The interplay between stress and sleep will be studied to understand how stress may lead to disturbances in sleep due to physiological changes. It is important to study this relationship because stress may induce negative effects on sleep, such that it produces physiological activation (i.e. increased cortisol levels), which can conflict with physiological deactivation in sleep. This may lead to stress induced sleeping disorders such as insomnia. For example, when a person is under a lot of pressure, such as that he is sleeping the night before a big exam, his sleep efficiency and the amount of time spend in deep sleep are both decreased due to stressfulness [1]. Moreover, the disturbance of sleep by stress may lead to other diseases such as cardiovascular diseases, obesity, diabetes, hormone regulation, and immune system regulation.
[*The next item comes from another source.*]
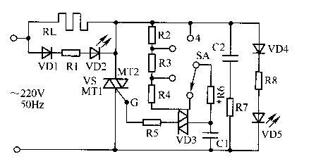 电路原理图如图1所示。调节波段开关SA的挡位,可以改变电容C1的充放电速率。利用C1两端交流电压通过双向触发二极管VD3去触发双向晶闸管VS导通、并改变了VS的导通角,使负载RL两端交流电压随之发生变化。

On the contrary, the importance of sleep on alleviating the symptoms of stress is evident when the body attempts to moderate the stress-immune relationship. Researchers have found that sleep can be a mediator of the stress-immune relationship[2]. Thus, the more stressful people are, the lower the number of circulating natural killing cells, and the greater the time spent awake during non-REM sleep period. Moreover, a good amount of sleep may increase neurogenesis. Therefore, get a good night undisturbed sleep is the number one key step toward reducing stress.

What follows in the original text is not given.